The building’s checkerboard of open spaces is not the most space-efficient or cost-effective strategy, but it is in line with best practices that emphasize connectivity to nature for the benefit of patients.

In an oft-cited 1984 study, patients with a view of trees recovered faster than those looking at brick walls. Stanford’s patient rooms feature 8-by-14-foot windows and incorporate an automatic shading system that tracks the sun’s movement. Since the hospital opened in November 2019, patients have even expressed enthusiasm for how well their visitors are accommodated: Each room contains a sofa bed and dedicated space for guests.

Family Lounge Between A Pair Of Inpatient Nursing Units On Levels 4 7
Ample views and areas dedicated to the comfort of patients’ families are a main feature of the low-rise towers. Courtesy Brad Feinknopf

Organizing the building into 14,000- square-foot modules also streamlined construction, as it enabled prefabrication of significant building components and made the volumes easily adaptable for future expansions. The approach even plays a role in reducing infection. “The modular planning of the intensive care and negative-pressure units isolated those workflows, so we can support COVID-19 [cases] without compromising the safety of other patients and staff,” says Grace Hsu, director of design management for Stanford Health Care. In anticipation of a pandemic, the hospital garage was equipped with additional utilities so that it can be converted into a ward during an emergency. (It has not yet been pressed into service.)

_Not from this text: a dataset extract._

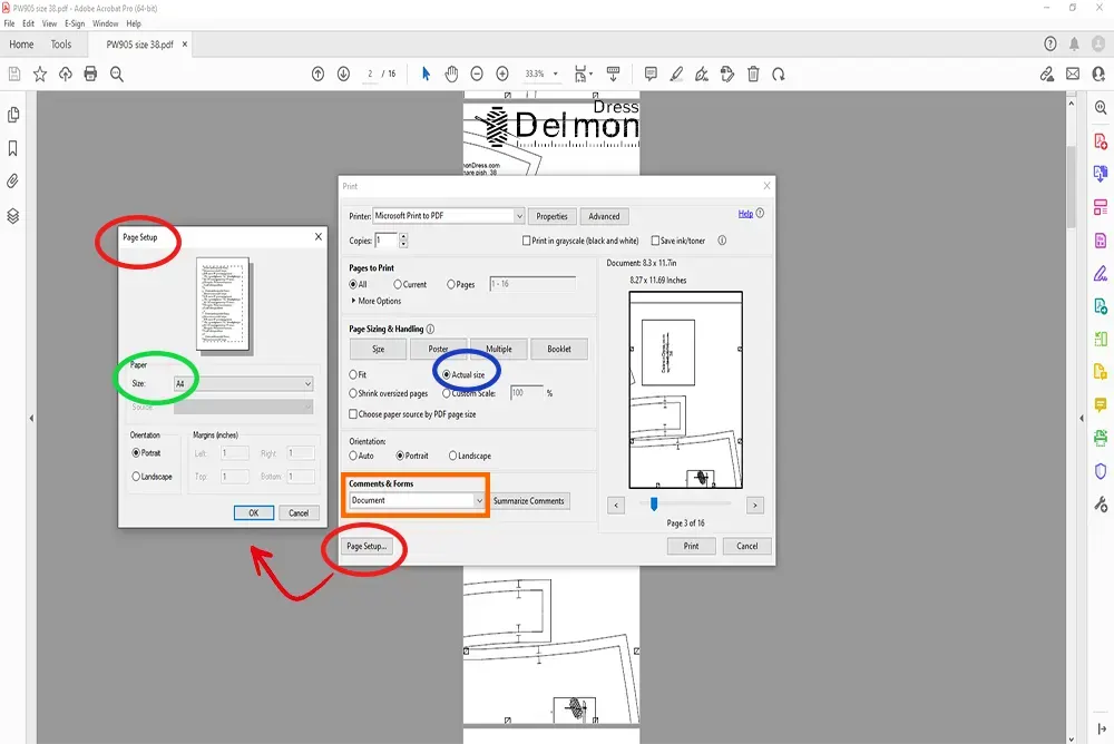 شما فایل PDF برای چاپ که در ابعاد A3 یا A4 است دریافت می کنید. فقط نکته این است که در یکی از صفحات این فایل یک مربع 10 در 10 سانتی متر قرار گرفته که شما ابتدا باید تنظیمات پرینتر خود را بر روی تنظیماتی که در عکس زیر قرار دارد بگذارید بعد از پرینت این صفحه مربع را با خط کش اندازه بگیریداگر درست بود ،می توانید بقیه صفحات را نیز پرینت بگیرد (در اینصورت است که اندازه الگو صحیح است .)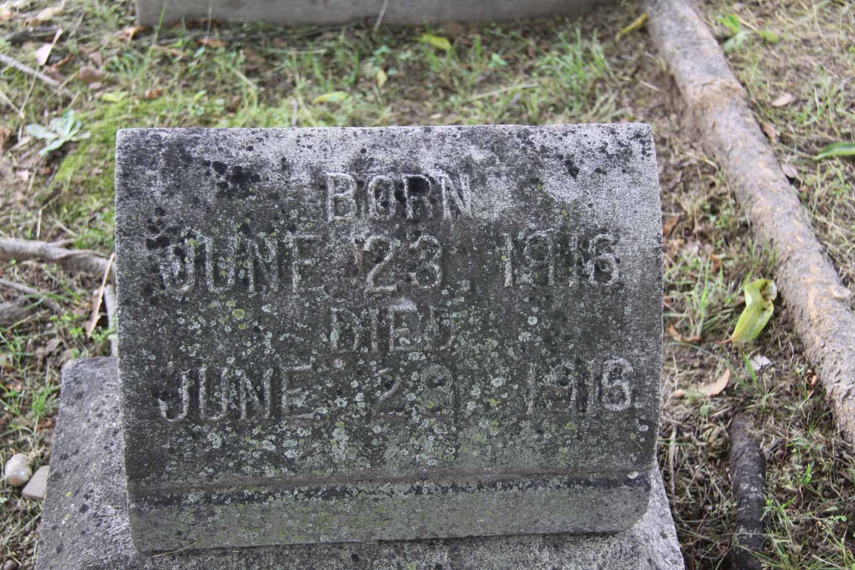 | Wolf | Joseph, Jr. | May 31, 1886 | April 30, 1920 | In loving memory of Joe, Jr. | Son of Joe & Minnie Wolf | . | . | |

The hospital is also innovative in the way medical research is conducted. Instead of siloing departments, various specialties are collocated, forming separate diagnostic (ground level) and interventional (second floor) pods. So rather than a single radiology department, for example, radiologists are available on each level. “It’s much better for the patient, and the health outcomes are better,” says Erich Burkhart, partner at Perkins Eastman, which was tapped for its deep health-care expertise.

And in a move apt for a teaching hospital, the nursing units include space for faculty and research coordinators, embedding them within patient care teams so they can observe individual progress. For the most hospitable institutions, it seems increasingly clear that personalized care is the future.